Daha pek çok örnek verebiliriz: Peygamber Efendimiz bize asla menfaatçi olmayın demedi. Soyut değerlere işaret edip insan doğasını baskı altına almadı, ahlakımızı çarpıklaştırmadı. Efendimiz bize menfaatimizi nasıl doğru arayacağımızı öğretti. İkisi arasındaki fark dağlar kadar.

Kuran’ın Arap toplumuna gelmesinin bir hikmeti, Arapların insan doğasının tüm yönlerini çıplak bir şekilde yaşamasıydı. O doğayla etkileşim imkanları sayesinde Allah’ın muradı netleşti.
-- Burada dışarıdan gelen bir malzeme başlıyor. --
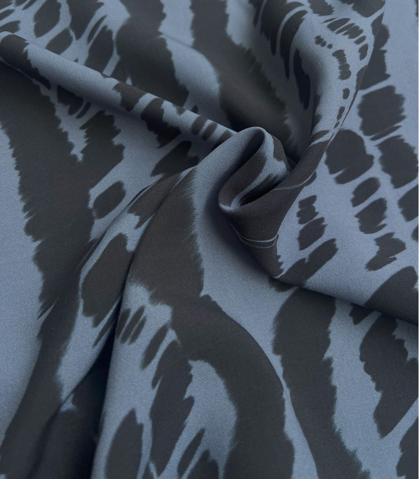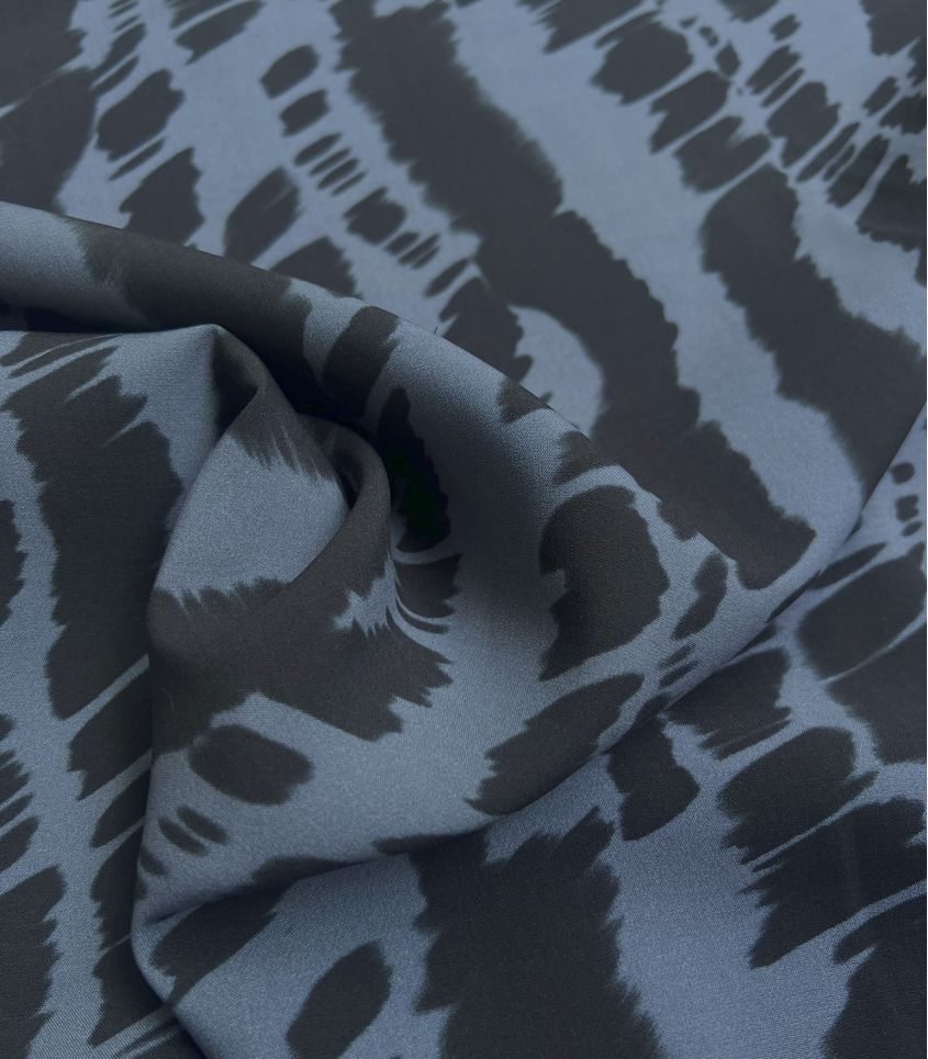 Viscose douce et fluide imprimé style tie and dye noir et bleu ardoise. Ce tissu sera parfait pour toutes vos créations demandant de la fluidité, jupe, robe, blouse ...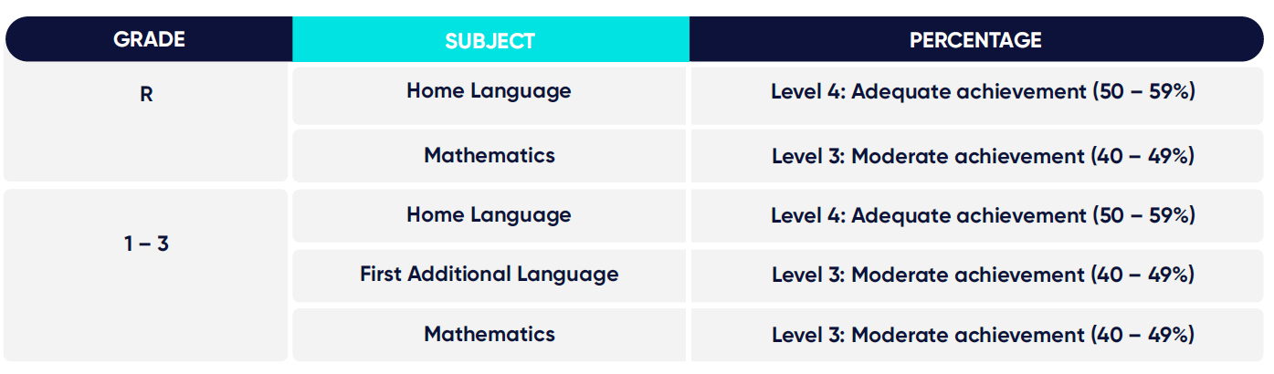 Please see below the pass requirements for Foundation Phase learners. Note: Life Skills is also part of the subjects for Grade R to 3 learners; however, there are no pass requirements for this subject.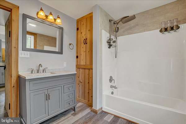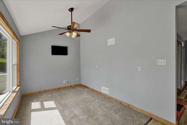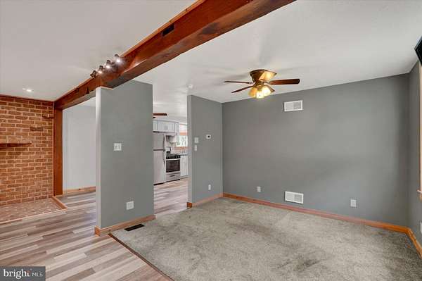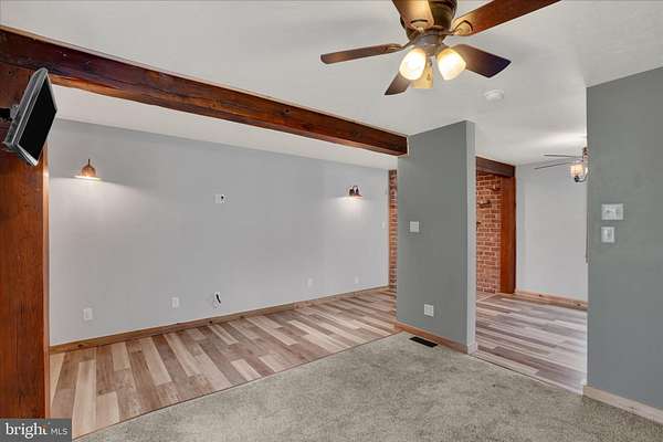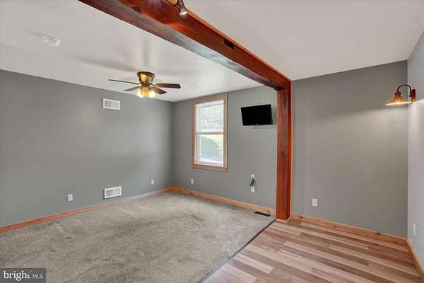 - Carpet, Ceiling Fan(s), Country Kitchen, Dining Area, Exposed Beams, Family Room Off Kitchen, Open Floor Plan, Tub Shower Bathroom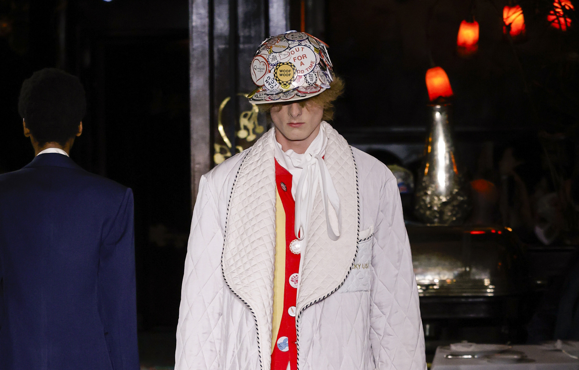 Il est quasiment impossible de saisir toute la richesse de cette collection tant elle regorge de références au passé de Kenzo et de détails amusants. Parmi eux : des chaussures de bowling, des pin’s épinglés sur les casquettes – clin d’œil à l’invitation reçue quelque jours plus tôt – ou encore des maillots de bain imprimé léopard enfilés à moitié, témoins d’une envie précipitée de se jeter à l’eau.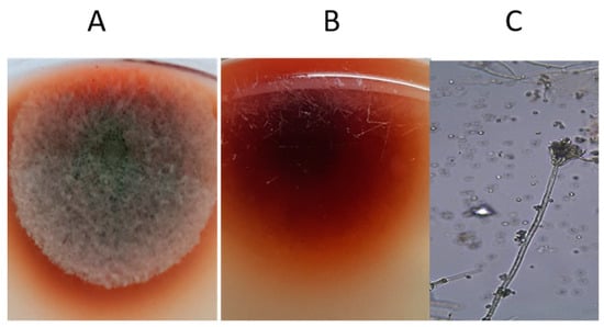 Rosmarinus officinalis leaves were collected from different sites in Upper Egypt. The samples were properly cleaned using tap water before being rinsed with sterile distilled water. Surface sterilisation was achieved by immersing samples in 75% ethanol for 1 min, 4% sodium hypochlorite for 3 min and then 75% ethanol for 30 s. After that, the leaves were rinsed in sterile distilled water and dried in the shade. Leaves were cut into small pieces and placed on previously poured glucose-agar Czapek’s plates, which were then cultured in a microbiological incubator at 28 °C for 7 days until the desired fungi grew [].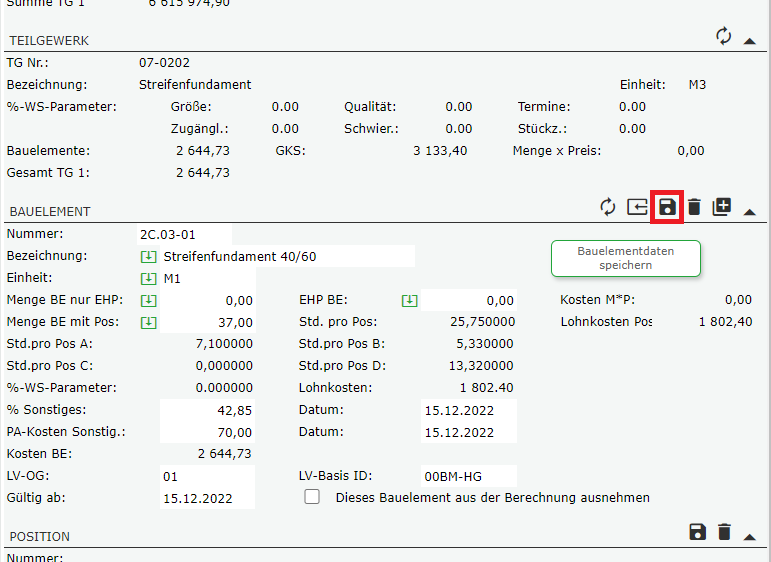 Haben Sie Daten für alle Positionen eines Bauelements erfasst, befüllen Sie bitte noch die offenen Felder im Bereich des Bauelements.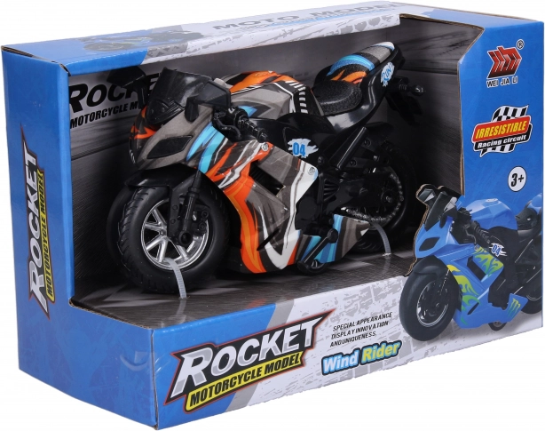 Zabavan motocikl na inercijski pogon duljine 16 cm oduševit će male i velike ljubitelje brze vožnje. Zahvaljujući mehanizmu za povlačenje unatrag, dovoljno je motocikl povući i pustiti – sam će krenuti naprijed. Kompaktne dimenzije i izdržljiva izrada idealne su za kućne utrke i putovanja. Dostupno je više varijanti boja i jednostavno upravljanje bez baterija.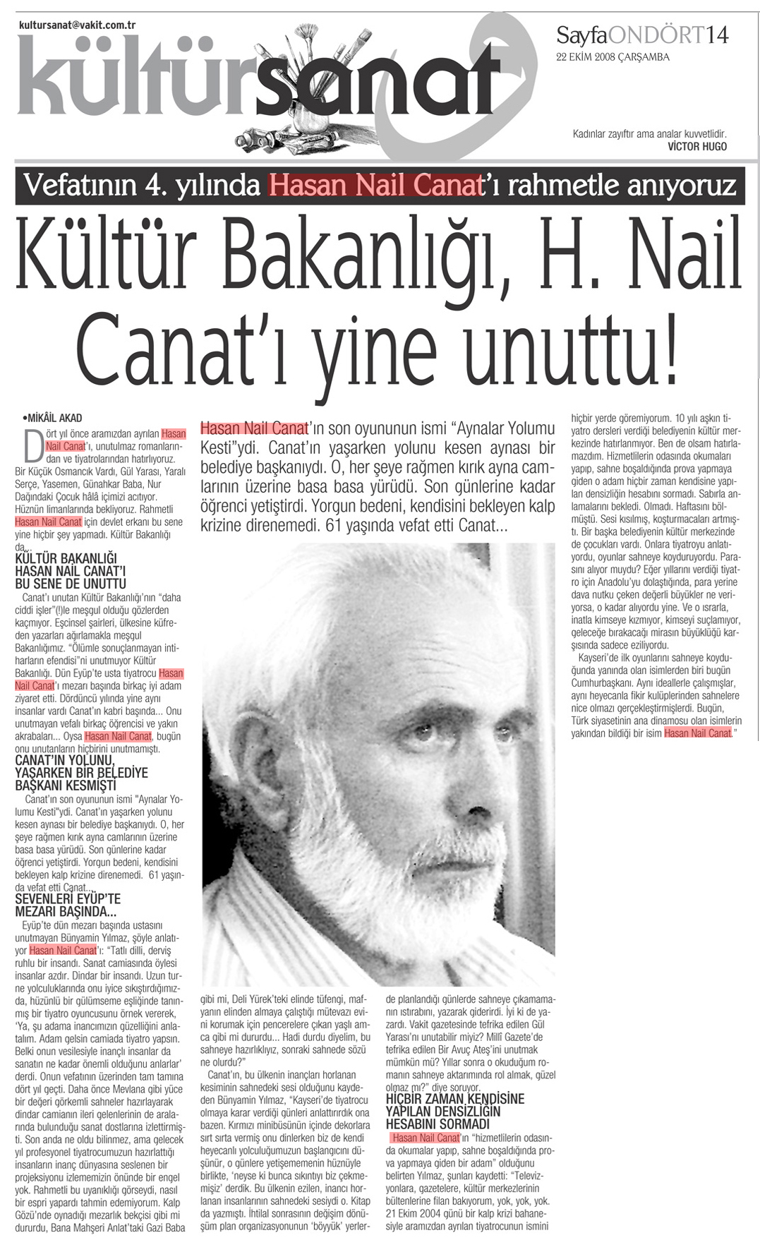 Kültür Bakanlığı, H. Nail Canat'ı yine unuttu! Vakit Gazetesi / 22.10.2008 Hasan Nail Canat'ın son oyununun ismi “Aynalar Yolumu Kesti”ydi. Canat'ın yaşarken yolunu kesen aynası bir belediye başkanıydı. O, her şeye rağmen kırık ayna camlarının üzerine basa basa yürüdü. Son günlerine kadar öğrenci yetiştirdi. Yorgun bedeni, kendisini bekleyen kalp krizine direnemedi. 61 yaşında vefat etti Canat... Dört yıl önce aramızdan ayrılan Hasan Nail Canat'ı, unutulmaz romanlarından ve tiyatrolarından hatırlıyoruz. Bir Küçük Osmancık Vardı, Gül Yarası, Yaralı Serçe, Yasemen, Günahkar Baba, Nur Dağındaki Çocuk hala içimizi acıtıyor. Hüznün limanlarında bekliyoruz. Rahmetli Hasan Nail Canat için devlet erkanı bu sene yine hiçbir şey yapmadı. Kültür Bakanlığı da...
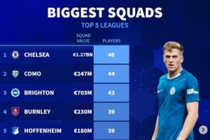 體育資訊7月8日訊 《轉(zhuǎn)會(huì)市場(chǎng)》統(tǒng)計(jì)了當(dāng)前五大聯(lián)賽一線隊(duì)人數(shù)最多的球隊(duì)情況,切爾西無懸念居首。
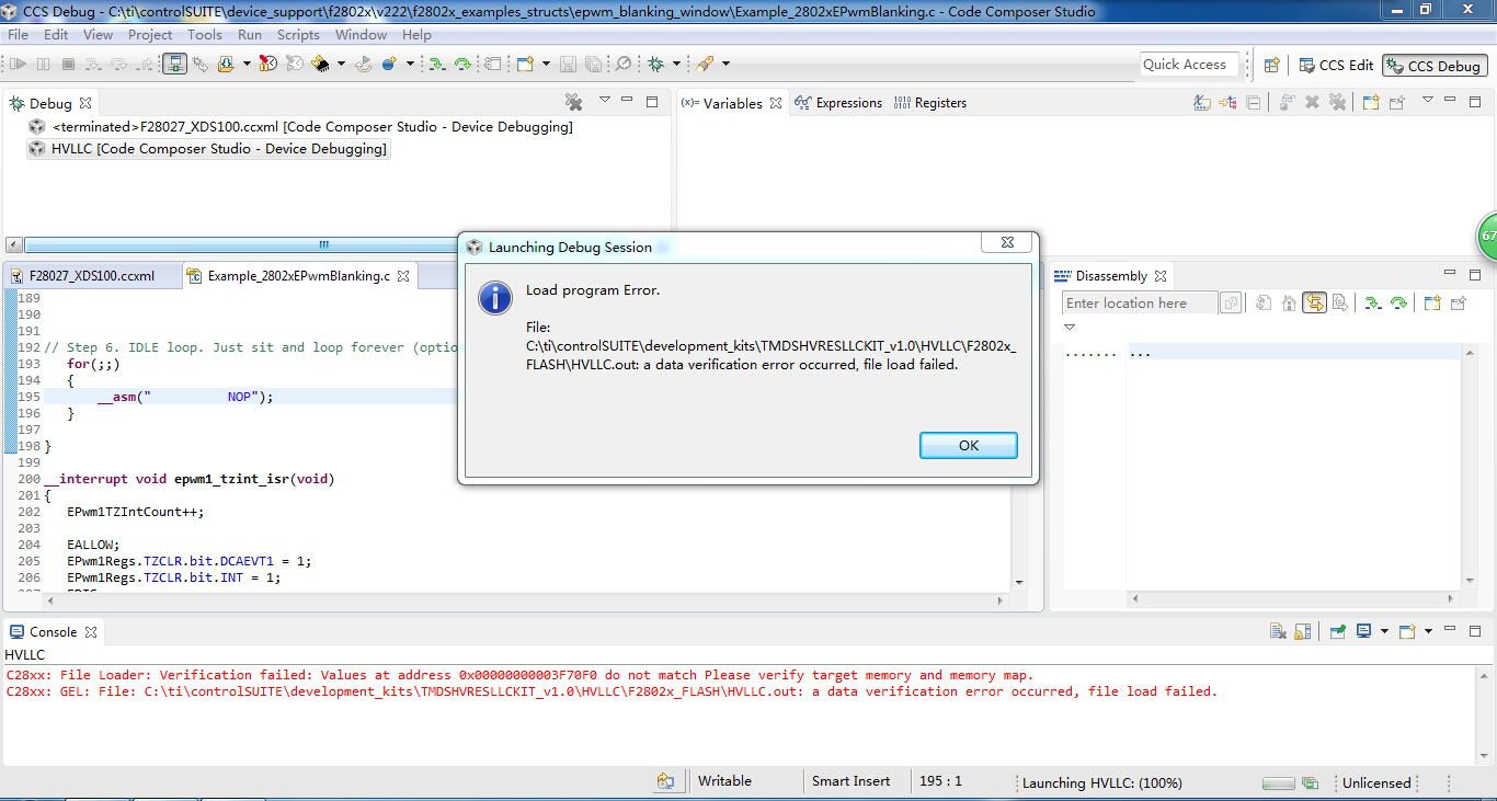 我在TI 官网上买了个谐振开发套件,请问我用的LLC谐振开发套件,用controlsuite中的程序,编译成.out文件后,进行debug 但是load program时候,总是出现这个错误,是什么原因,怎么解决?

Kuran da hadisler de bize “Menfaatini gözeten, Allah’la kar-zarar ilişkisine giren insan” profili çiziyor. Sadaka ver, beladan kurtulursun. Besmele çek, bereket olur. Şehit ol, en yüksek makama erersin. Bunlar hep menfaat çağrılarıdır. Benliğimizi yok sayma çağrıları değildir.

İnsan, benliğidir. Benliği de hayra, faydaya, menfaate meyille dokunmuştur. Bir medeniyet inşa edilecekse “menfaat kuramı” üzerine edilecektir. “Değer kuramı” üzerine değil. İnsan için en derin, en asli, en tabii değeri menfaatidir. Menfaatimize aykırı bir değeri bünyemiz kabul etmez, kusar. Kabul ediyormuşuz gibi dillendirdikçe de münafık insan, münafık toplum olur, düzlüğe çıkamayız. Düzlüğe çıkmak için değerler (ama hakiki, fıtri, toplumun ve çağın yükleriyle kirlenmemiş değerler) “menfaate aykırı” değil “menfaate uygun” bir yolda işlenmeli, sunulmalı ve hayat bulmalıdır. Menfaat, asıl kaygımız olmalıdır.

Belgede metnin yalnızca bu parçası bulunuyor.